If the insurer will not withdraw its reservation of rights, the insured may select its own counsel and the insurer has the obligation to pay the insureds attorney’s fees.
However, until this Celanese decision, Massachusetts courts had not explicitly commented on an insurer’s right to control the defense of an insured without a reservation of rights or when other conflicts of interest might require an insurer to relinquish the defense of an insured to the insured’s counsel.
Appeals Court finds Celanese had no right to refuse OneBeacon control of its defense
In Celanese, the Appeals Court had no difficulty finding that in offering to defend Celanese without a reservation of rights, OneBeacon had the right to control Celanese’s defense of the claims involved. This right to control Celanese’s defense included the right to choose the counsel who will defend the claims and to make other decisions related to control of the defense normally vested in the insured, as the named defendant.
The Appeals Court, however, stated that while OneBeacon had this right to control Celanese’s defense, such right was not absolute.
The Appeals Court noted circumstances where an insured could insist on the insurer paying for counsel selected by the insured because of conflicts of interest.
The Court stated such conflicts can arise:
- when the defense tendered is not a complete defense under circumstances in which it should have been;
- when the attorney hired by the carrier acts unethically and, at the insurer’s direction, advances the insurer’s interests at the expense of the insured’s interests;
- when the defense would not, under the governing law, satisfy the insurer’s duty to defend, and
- when, though the defense is otherwise proper, the insurer attempts to obtain some type of concession from the insured before it will defend.”
Appeals Court rejects Celanese’s arguments on a conflict of interest
Celanese unsuccessfully attempted to convince the Court that a real conflict of interest existed between it and OneBeacon notwithstanding OneBeacon’s unconditional offer to withdraw its reservation of rights.
First it argued that OneBeacon’s offer was conditional because it required to terminate Celanese’s counsel it had use for 14 years in defending specialized chemical cases.
Second it argued that the 2009 jury verdict in the litigation between OneBeacon, OneBeacon’s third-party administrator and Celanese had shown that OneBeacon would put its interest before it is insureds.
Third, Celanese argued that it and OneBeacon disagreed “as the appropriate way to conduct the defense of the underlying claims.”
The Appeals Court found none of the evidence supporting these arguments showed a legally actionable conflict of interest sufficient to deny OneBeacon the right to control Celanese’s defense. The Court then ruled Celanese had no right to obtain reimbursement for defense costs after it refused to accept OneBeacon’s defense, offered without a reservation of rights.

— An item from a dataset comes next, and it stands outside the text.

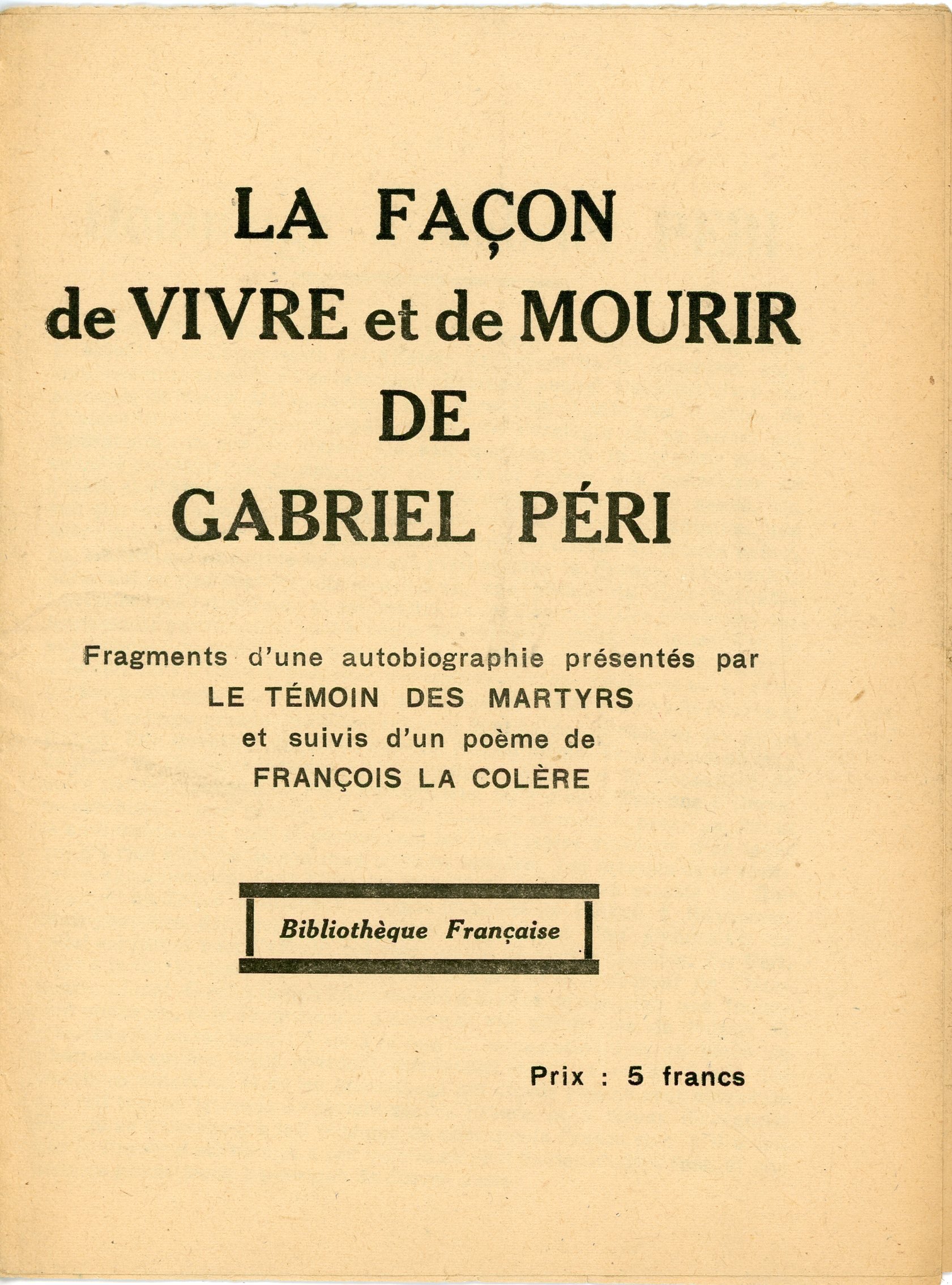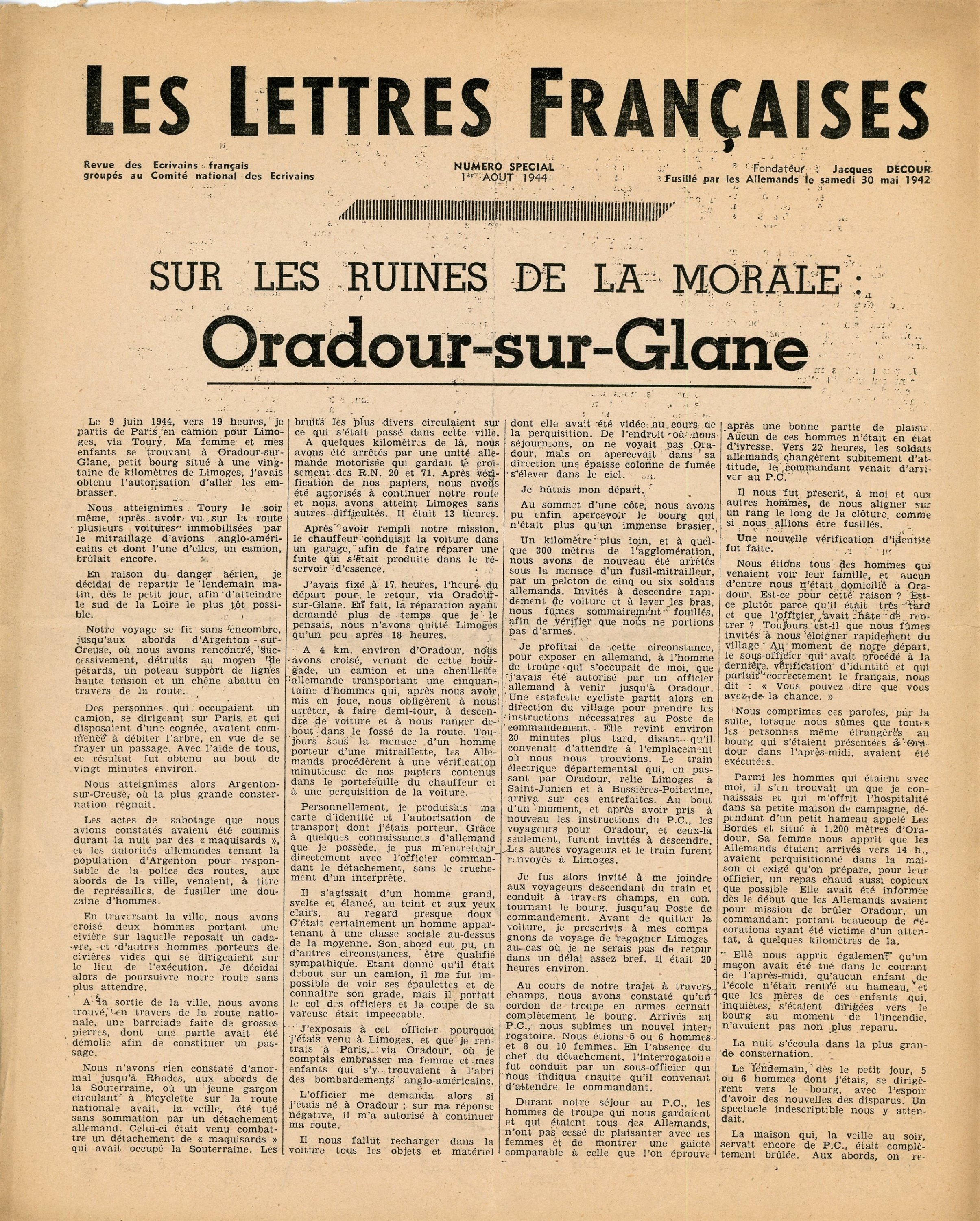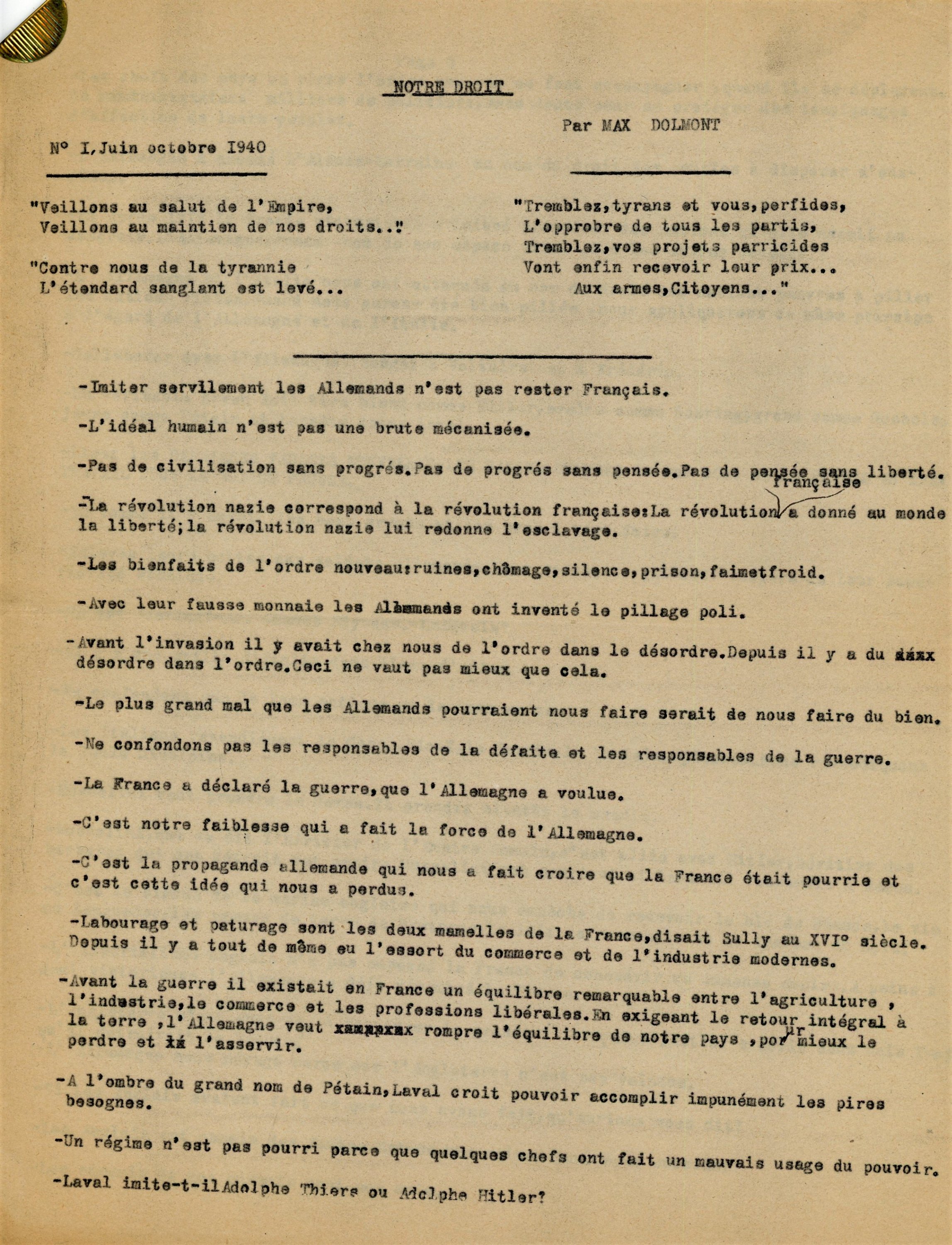 12 ex. Notre Droit par Max Dolmont (pseudonyme dEdmond Lablénie), n°1 juin oct. 1940 au n°5 et n°7 au n°12 (1940-1941), n°1 de la série de la Libération juillet 1944 ; anti-pétainiste, Edmond Lablénie pensait quil fallait faire vivre une résistance intérieure. Dans le lycée Janson-de-Sailly où il enseignait, il lança avec son épouse et un groupe de lycéens, Notre droit, publication clandestine sadressant à la jeunesse et se présentant sous la forme dun recueil de maximes antiallemandes et anti-vichystes. Distribué dans les lycées parisiens, son premier numéro contribua à la mobilisation pour la manifestation des lycéens du 11 novembre 1940 à lÉtoile, à laquelle il participa, accompagnant un cortège important délèves de son lycée. Douze numéros parurent entre octobre 1940 et octobre 1941 et une reparution eut lieu en juillet 1944 ; 5 ex. Défense de la France, n°7, 8, 10 et 11, janv.-fév. 1942, et n°42 du 15 déc. 1943 ; journal clandestin créé en juillet 1941 par un groupe détudiants parisiens pour dénoncer loccupation de la France, et qui deviendra à la libération France-Soir ; 4 ex. Le Médecin Français, 1er juillet 1942, mai et juin 1944 ; Résistance, le nouveau journal de Paris, n°18, 13 octobre 1943 ; 6 ex. Les Lettres Françaises, front national des écrivains, n°1 sept. 1942, n°11 nov. 1943, n°16 mai 1944, n°17 juin (accdts), n°18 juillet, et 1er août 1944 rare numéro spécial « Sur les ruines de la morale: Oradour-sur-Glane » ; publication littéraire clandestine créée en septembre 1942 par Jacques Decour et Jean Paulhan, faisant partie du mouvement de résistance Front national ; Deux voix françaises, Charles Péguy, Gabriel Péri, Les Éditions de Minuit, 30 juin 1944, rare premier tirage sous forme de tract, 4 pages ; La France Continue la Lutte. Textes et documents, 1940-1943, br. in-8, 125 pages, Edition de la France Libre ; Cahiers du Témoignage chrétien Alsace et Lorraine, terres françaises, oct.-déc. 1943, plaquette in-8, 64 pages ; n°1 doct. 1943 du Front National, organe de liaison du comité directeur du Front national pour la libération de la France avec ses comités départementaux, locaux, d'entreprise, + 3 ex. Front national journal central du Front national de lutte pour la libération et l'indépendance de la France, n°3, 5 et 6, mars-juin 1944 ; La façon de vivre et de mourir de Gabriel Péri. Fragments dune autobiographie présentés par Le Témoin des Martyrs et suivis dun poème de François La colère, La Bibliothèque Française, c. 1943, 12 pages ; 2 ex. Le Patriote, organe du Front National de Lutte pour la Libération de la France, avril et mai 1944 ; n°2 Bibliographie de la France, journal général de la librairie française clandestine, avril 1944 ; 2 ex. La Défense, journal mensuel du Secours Populaire de France, n°53, juin 1944 ; Le Palais Libre organe du front national des juristes, n°11, juillet 1944 ; 3 ex. La Nouvelle République, Patriam Recuperare, 9 et 19 juillet, 8 août 1944.

Based on The Appeals Court ended its decision with an order stating:
…the judgment that awarded Celanese defense costs [$2.4 million] for the period April 13, 2009, through May 27, 2011 …is vacated, and the judgment shall …declare that OneBeacon has no duty to reimburse Celanese for defense costs that Celanese incurred during that period of time….”
Celanese has 20 days to request further appellate review
The Massachusetts Appeals Court is an intermediate appellate court. The ultimate judicial authority in Massachusetts resides with the Supreme Judicial Court. Parties dissatisfied with an Appeal Court’s decision may apply for further appellate review within 20 days of the decision by the Appeals Court. The allowance of the appeal is discretionary with the Supreme Judicial Court.
Here, an application for further appellate review by Celanese seems likely. Agencychecklists will monitor this case for any further appeal.